Would you print out all of the data exactly and keep the pictures out of it?

• _DATA EXCERPT_:
=== Begin Enclosure ===

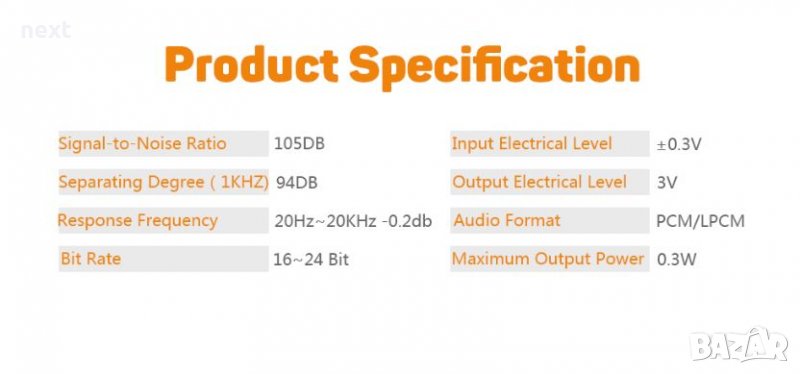 + Поддържа честота 192KHz, 96KHz, 48KHz, 44.1KHz, 32KHz и 24-битов S / PDIF входящ поток на левия и десния канал.
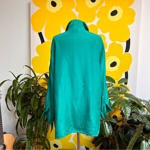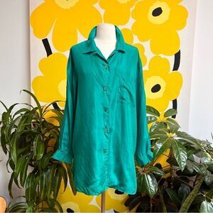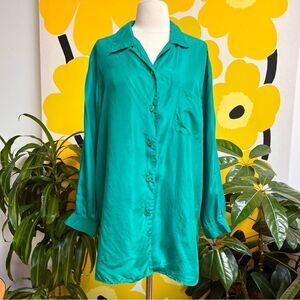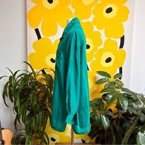 Vibrant Vintage 100% Silk Kelly Green Diane Von Furstenberg Boyfriend Button Up
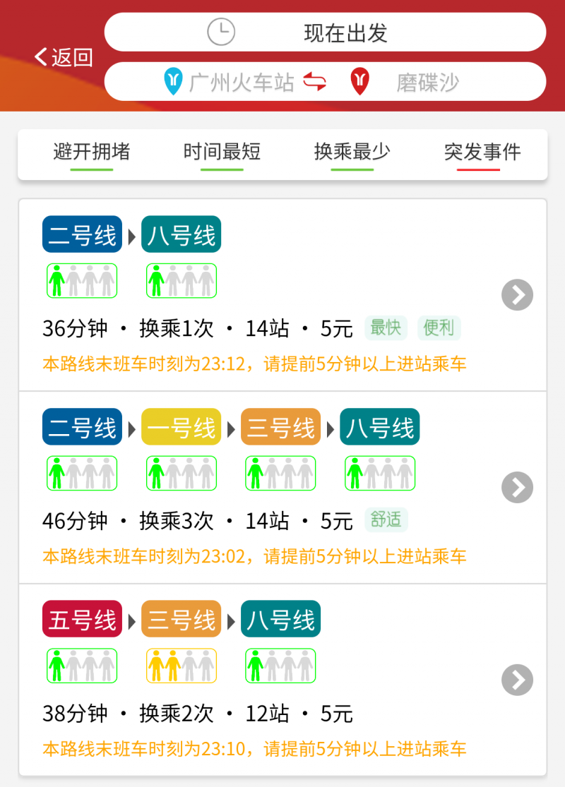 为进一步提高乘客出行体验,近日,广州地铁官方APP上线试运行“精准出行”功能,该功能主要通过大数据推测出行时段地铁客流状态,帮助用户规避拥堵和受突发事件影响路段,推荐用时短、换乘便捷的最优路径。

=== End Enclosure ===

• _ANSWER TO THIS PROBLEM_:
 + Поддържа честота 192KHz, 96KHz, 48KHz, 44.1KHz, 32KHz и 24-битов S / PDIF входящ поток на левия и десния канал.
 Vibrant Vintage 100% Silk Kelly Green Diane Von Furstenberg Boyfriend Button Up
 为进一步提高乘客出行体验,近日,广州地铁官方APP上线试运行“精准出行”功能,该功能主要通过大数据推测出行时段地铁客流状态,帮助用户规避拥堵和受突发事件影响路段,推荐用时短、换乘便捷的最优路径。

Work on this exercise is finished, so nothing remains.